Он сидит, вытянув ноги. Смотрит на мужчин и женщин, входящих и выходящих в дверь, которая почти никогда не закрывается. Пьют, едят, разговаривают во весь голос. И уходят. И приходят другие. Он отрешился от размышлений. Отдыхает, как Тия. Свободен и спокоен. Тут тебя никто не знает. И ты никого не знаешь. Но вместе с тем ты похож на всех — усталые, заросшие щетиной мужчины в брезентовых куртках, в армейских ботинках, вернувшиеся из пустыни. Солдатское снаряжение лежит у их ног. Солдаты в хаки. Фермеры в хаки. Рабочие из карьеров, строители дорог, землеустроители, путешественники. В потрепанных куртках. Со слезящимися от пыли глазами. Серой пылью пустыни припорошены их лица и волосы. И почти все носят с собой оружие. Все они — и ты среди них, — без сомнения, принадлежат к одному особому племени, и племя это, по всей видимости, страдает от хронического недосыпания… И какое огромное облегчение — никогда за всю твою жизнь не удавалось тебе побывать там, где не может высмотреть тебя зоркое око соглядатая. Ощущать себя всем чужим. Ускользнуть наконец-то от их радаров: ведь в целом мире нет ни одной живой души, которой было бы известно, где я нахожусь в данную минуту. Со дня рождения и до нынешнего утра не было в твоей жизни ни одного мгновения, когда бы они не знали, где ты находишься. Будто ты всего лишь маленький флажок на карте их военных действий.
Но отныне с этим покончено. Нет никакого расписания. Нет урочного часа. И нет сборного пункта.
Легкий. Свободный. Немного сонный. Наконец-то ты один.
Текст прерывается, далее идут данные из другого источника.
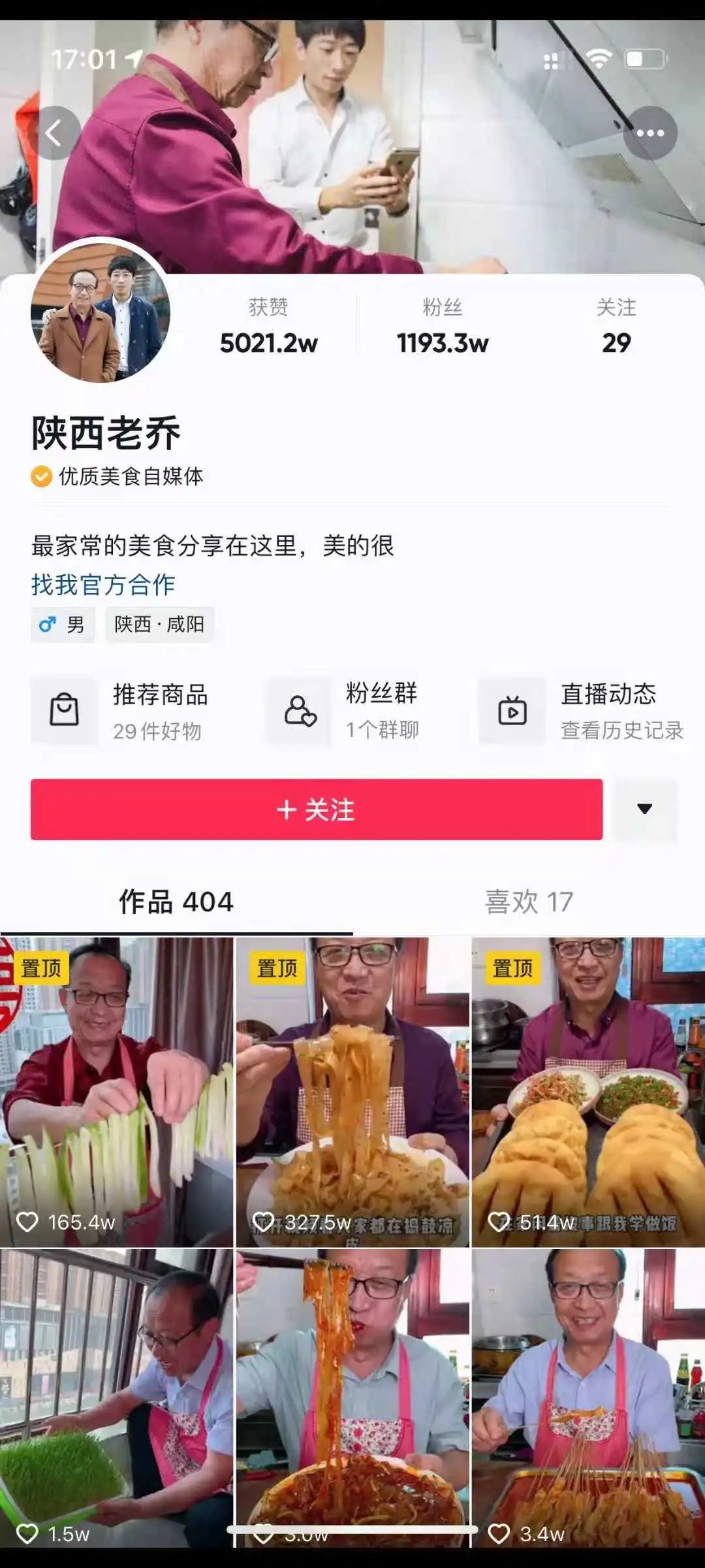 “陕西老乔”乔建忠的成名要比闻士善早。在他入驻抖音前,儿子乔飞已经把自己做饭的视频,分发到各个平台。经过多番测试,父子俩选择以抖音为主战场,很快便收获超1100万粉丝。
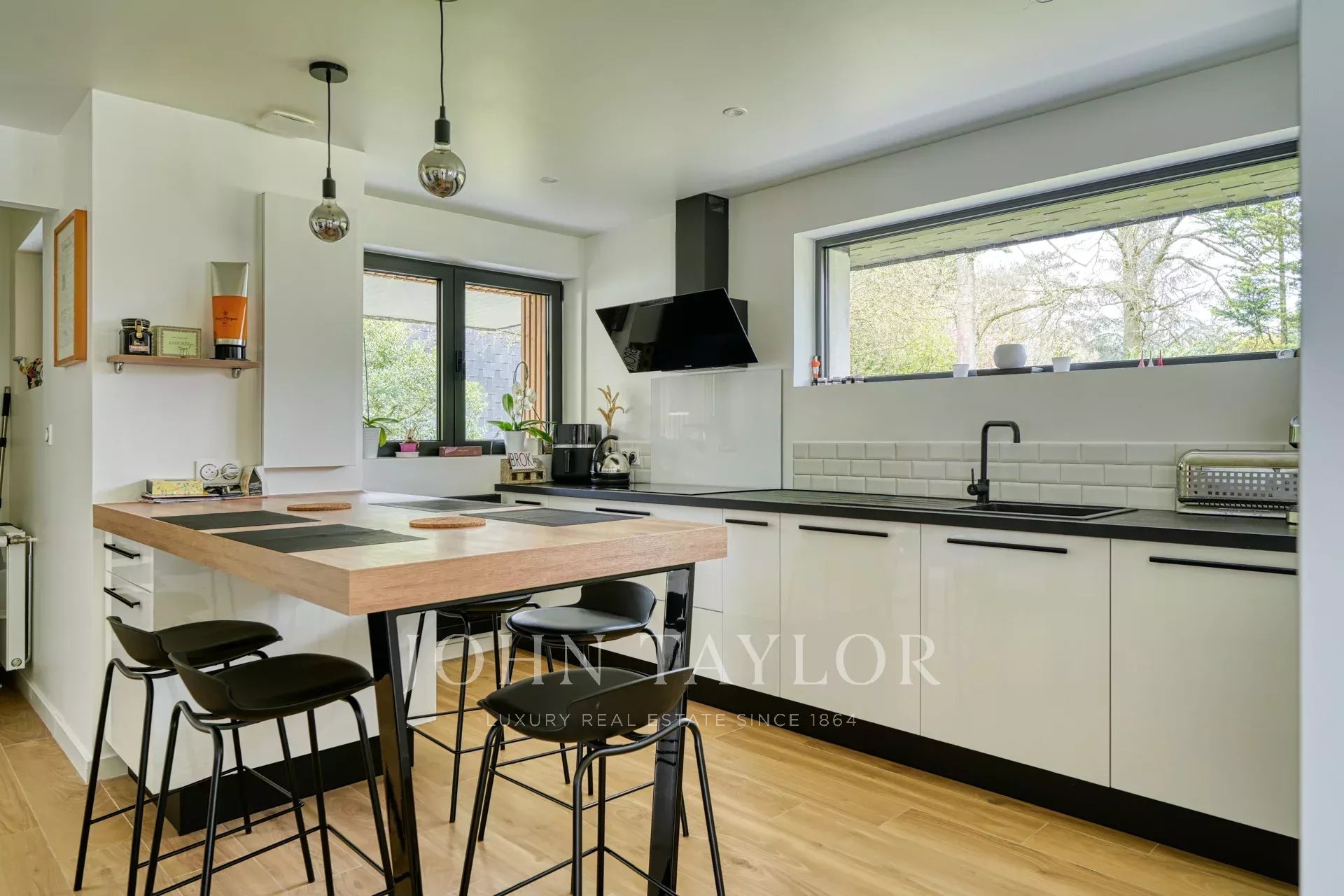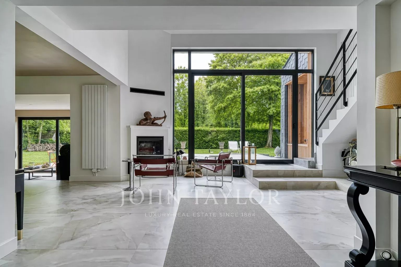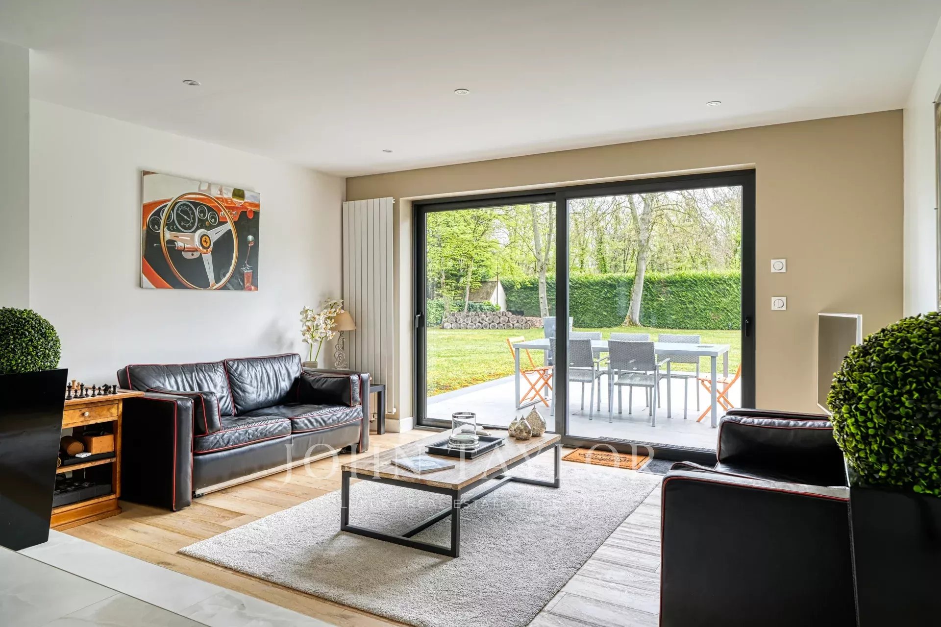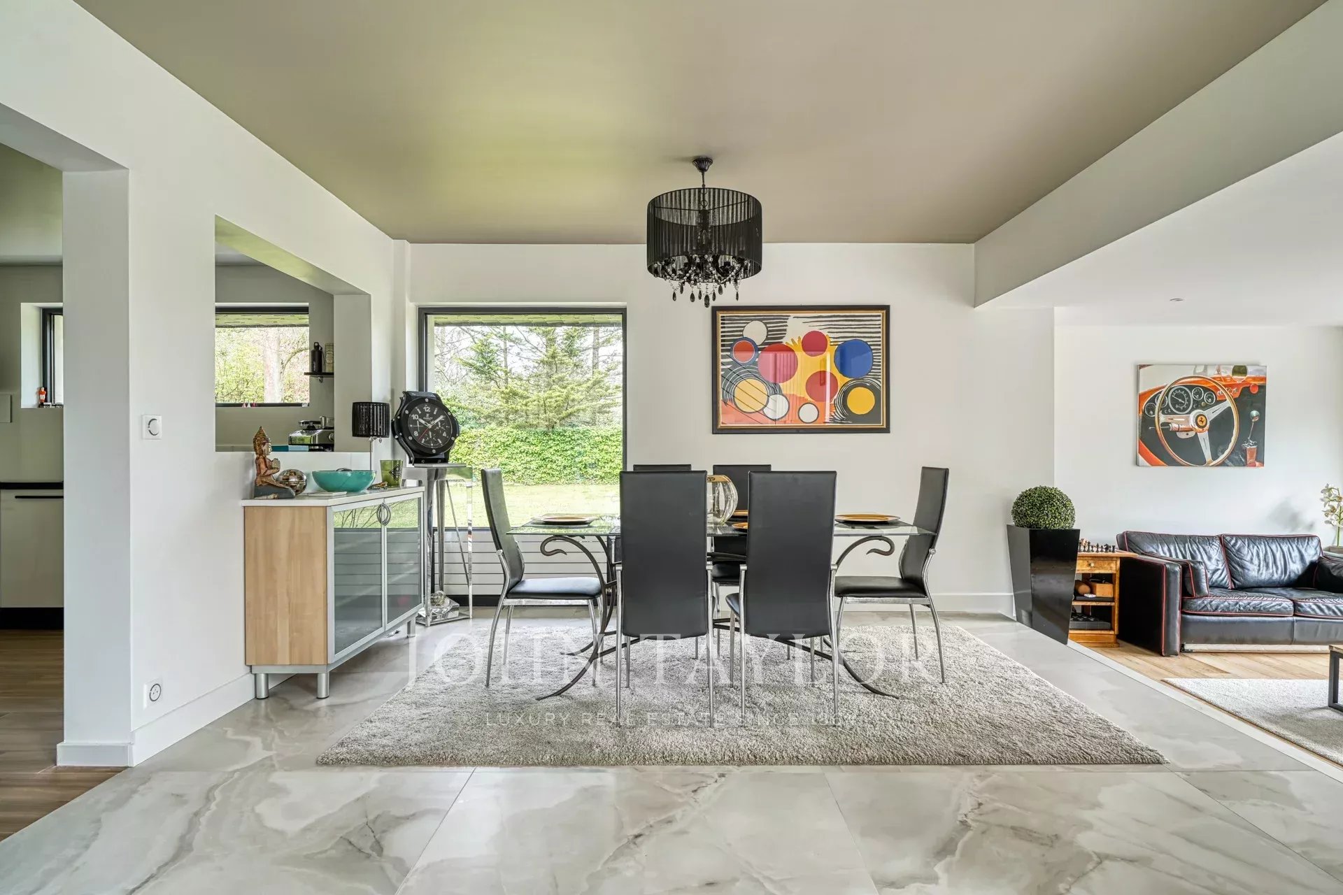 Located on the edge of Chantilly, in the sought-after town of Gouvieux, 45 minutes from Paris and 25 minutes from Charles de Gaulle Airport, this property enjoys a preserved natural setting surrounded by trees, while remaining within immediate proximity of shops, schools and everyday amenities.Set on a flat plot of approximately 7,000 sqm, it offers a lifestyle closely connected to nature.This architect-designed house of approximately 260 sqm has recently undergone a careful renovation. Its architecture highlights generous volumes and natural light through large floor-to-ceiling windows that create a seamless connection between indoor and outdoor spaces.Arranged over two levels, the house features an entrance hall, a first living room opening onto a terrace, a spacious southeast-facing lounge extended by a second terrace, a dining area, and a fully fitted and equipped kitchen. A first bedroom with its own shower room completes the ground floor.Upstairs, two bedrooms each benefit from their own private shower room, one of which also features a balcony. The master suite offers a dressing room, a shower room and a private balcony.The property also includes an outbuilding arranged as an independent studio apartment as well as a large garage accommodating several vehicles.A contemporary home designed to fully enjoy natural light and the surrounding landscape.
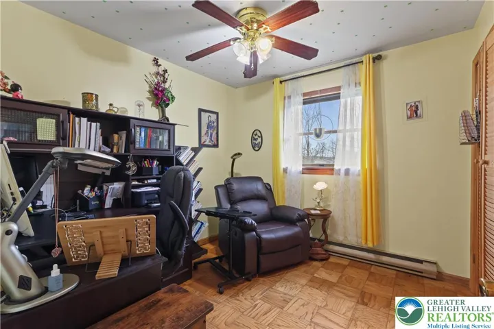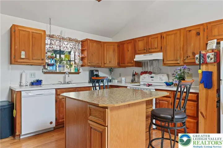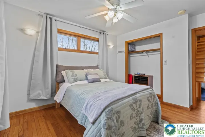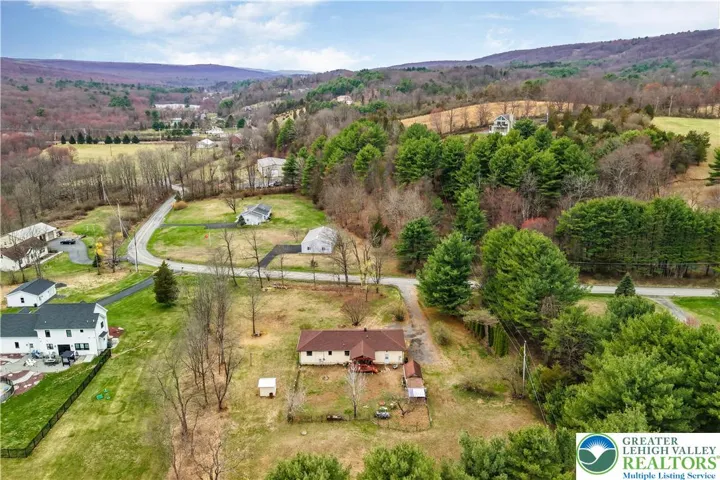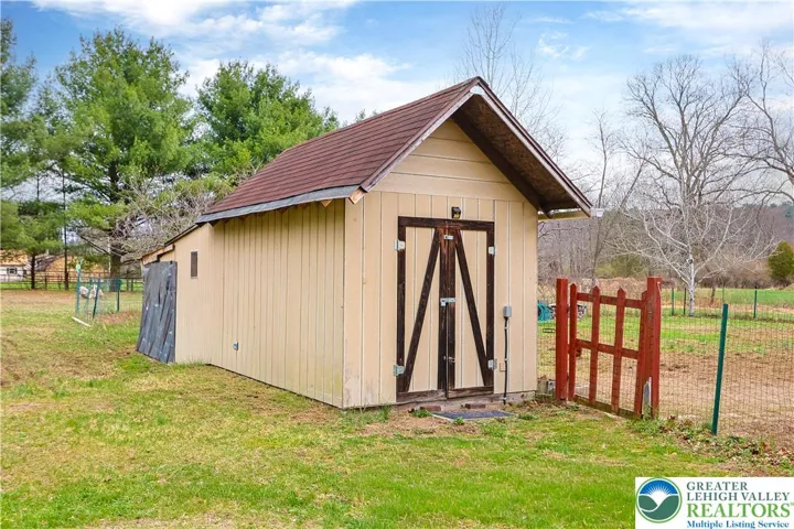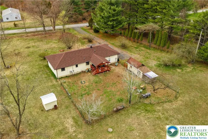 Enjoy ranch style living located in Ross Township situated in the Pleasant Valley School District. Appreciate the open concept with exposed beams/tresses in living room and kitchen complimented by hardwood floors. A brick wall in dining area has a flue ready for a cozy woodstove. A den/study offers a great opportunity for home office or space for some quiet time . Primary bedroom has private bathroom with relaxing sauna. 2 additional bedrooms and full bath complete this area. Laundry/mud room leads to over sized 2 car garage that has plenty of room for a workshop along with your cars. The double glass doors off the kitchen lead to the covered patio. The fenced yard area over looks the spacious 1.23 acre lot with a chicken "condo" and additional shed (seller currently have 4 chickens). The 2 mini split units cool the home as well as circulate heat. The roof, gutters and skylight were replaced in 2023. Low taxes complete the package! Close to major highways and the charm of the Poconos.
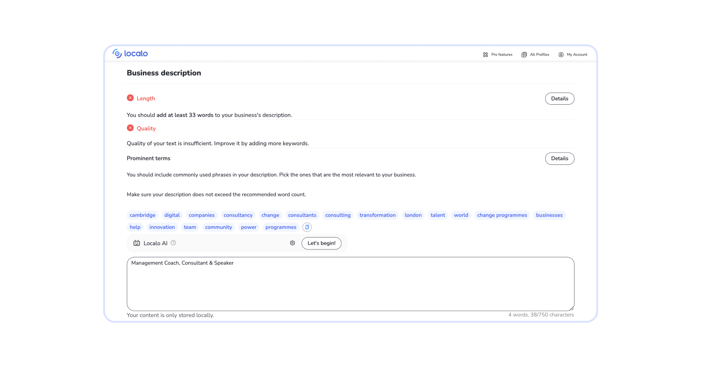 Esse processo é trivialmente simples, mas incrivelmente eficaz. Primeiro, abra uma auditoria do perfil da sua empresa no Localo e vá para a seção de descrição da empresa.
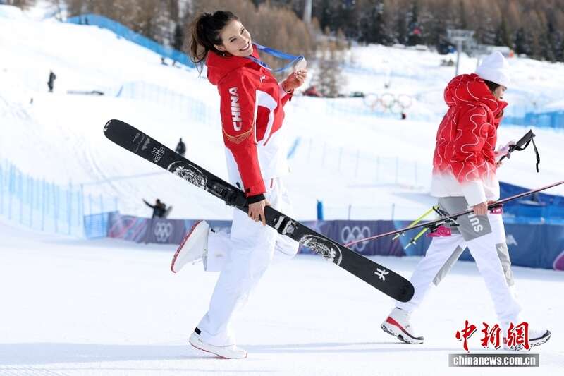 当地时间2月9日,米兰冬奥会自由式滑雪女子坡面障碍技巧决赛在意大利利维尼奥雪上公园举行。中国选手谷爱凌(左)摘得银牌,赛后面对镜头俏皮一下。
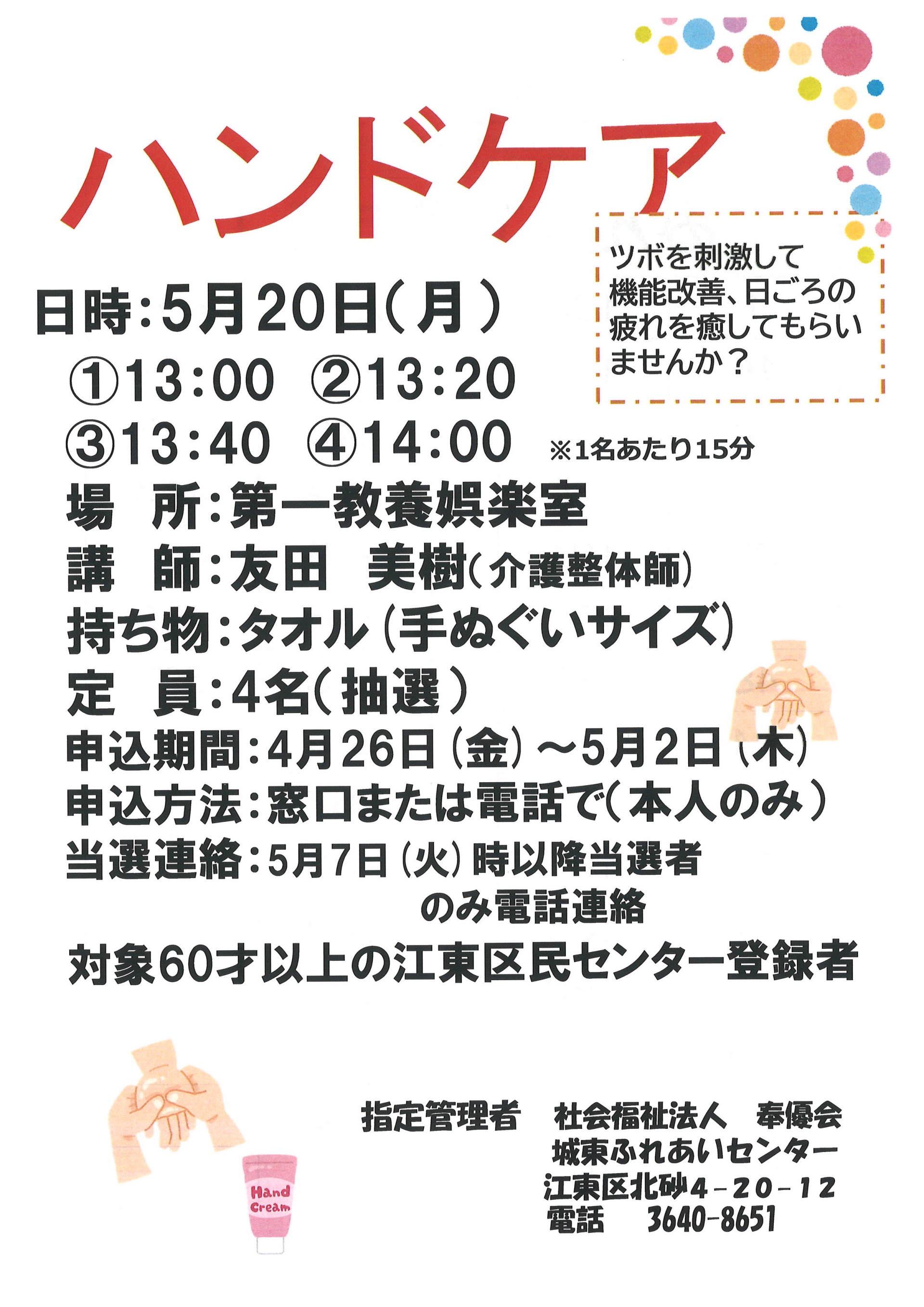 2024.04.25 お知らせ ポスター募集 Tweet シェアする ポスター募集!! 皆さまのお申込みをお待ちしております 城東ふれあいセンター KC 前の記事 2024.04.26 お知らせ 5月開催単発講座・特別講座 次の記事 2024.04.25 お知らせ 城東ふれあいセンター 5月予定表 一覧へ戻る
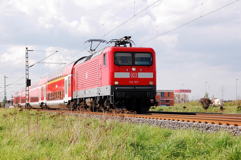 Mit der für die Kbs 495 typischen Dostockfuhre als RE7 nach Rheine, kommt die 112 157 auch am 20. April 2012 wieder kurz hinterm Hp Allerheiligen vorbei gerauscht....
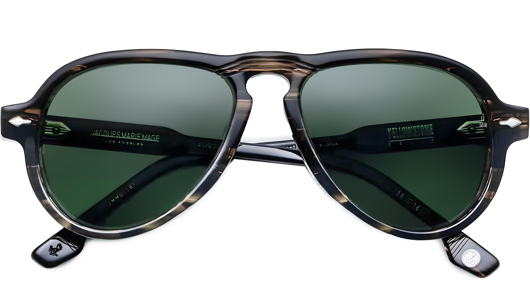 Les lunettes Druid de Jacques Marie Mage font partie de la collection Yellowstone, inspirée du style aviateur emblématique des années 80. Fabriquées en acétate végétal écaille taupe, ces lunettes élégantes et sculpturales sont dotées de verres en verre polarisés vert forêt, parfaits pour explorer les grands espaces. Des ornements en métal argenté poli, notamment des broches avant en pointe de flèche, des charnières, des rivets en forme d'éperon et des noyaux en fil de fer « Spiketail » gravés en ligne fine, rehaussent le design raffiné. Nommée d'après le légendaire Druid Peak Pack de Lamar Valley, cette monture soutient Yellowstone Forever, le partenaire à but non lucratif du parc national de Yellowstone.LOT DE PRODUCTION LIMITÉ DE 350 PIÈCESMonture en acétate de cellulose durcie de 10 mm de Savana avec branches en acétate doublement laminé personnalisées avec quincaillerie en métal précieux et verres en verre vert forêt polarisés. Le design comprend un médaillon argenté « YS » sur la pointe intérieure de la branche, une pointe de flèche argentée signature sur le devant, un fil de fer Snaketail argenté exposé et une charnière à 5 barillets personnalisée à tension dorée claire. Les verres polarisés offrent une clarté supérieure avec un traitement antireflet à l'arrière, assurant une protection UV à 100 %. Coffret monographique écologique Yellowstone marron avec détails en feuille d'or, accompagné d'un livret de garantie bordeaux. Comprend un étui souple Yellowstone en cuir et feutre écologique, un chiffon de nettoyage en microfibre Yellowstone Wolf et un certificat de presse à en-tête 100 % recyclable avec un numéro de série en édition limitée. Livré avec un code QR pour revendiquer la propriété numérique.
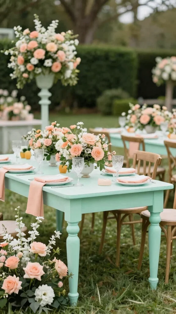 – Use peach and mint as the primary colors throughout the decor.
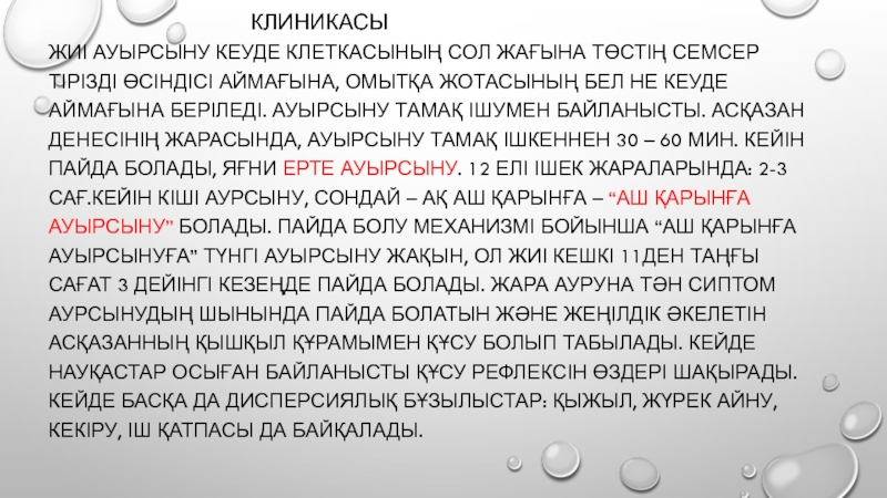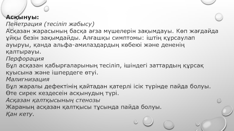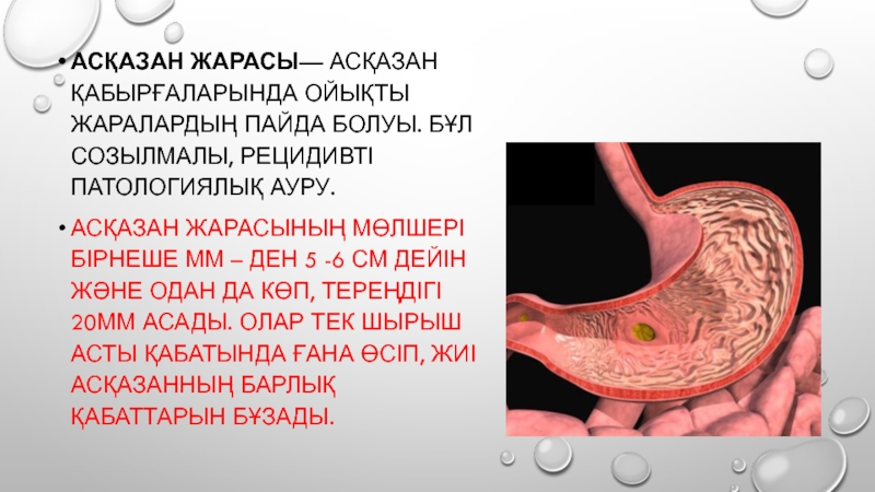 Слайд 3Асқазан жарасы— асқазан қабырғаларында ойықты жаралардың пайда болуы. Бұл созылмалы,

Лень пустыни разливается, словно вино, проникает, будто наркотик, в каждую клеточку твоего тела. И время от времени ты улыбаешься про себя: я скрылся от вас, и все дела. Никто не может диктовать мне отныне, что делать, а чего не делать. Потому что никто не знает. Мне вздумалось встать — я встаю. Взбредет в голову сесть — сяду. Захочется открыть огонь — срежу здесь всех одной длинной красивой очередью, выйду и исчезну навсегда в пустыне, которая начинается ровно через триста метров отсюда. Нет проблем. Нет приказаний. Чары Чада. И это только начало. Отныне жизнь лишь начинается. Бедуин подошел к стойке. Худой, костлявый, смуглый, в полосатом бурнусе, поверх которого надет потертый пиджак европейского покроя. Его длинные темные пальцы с бледными ногтями были полны жизни, они двигались как гибкие ящерицы. На иврите, мягком, как шелк, попросил он пачку сигарет «Силон». Человек за стойкой, еврей из Румынии, нервный, в белой мятой рубашке и клетчатом женском фартуке, по-видимому, был знакомым бедуина. Через липкий, кишащий мухами мраморный прилавок протянул он ему сигареты и приложил к ним коробок спичек, приговаривая:
— Бери, бери, это пустяки. — Его улыбка взблеснула един ственным во рту золотым зубом. — Ну, вос херт зих? Ауда, кейф эль-халь? — Именно так, на смеси идиш и арабского, по интересовался он бедуинским житьем-бытьем. И продолжил уже на иврите: — Как сейчас у вас там, наверху?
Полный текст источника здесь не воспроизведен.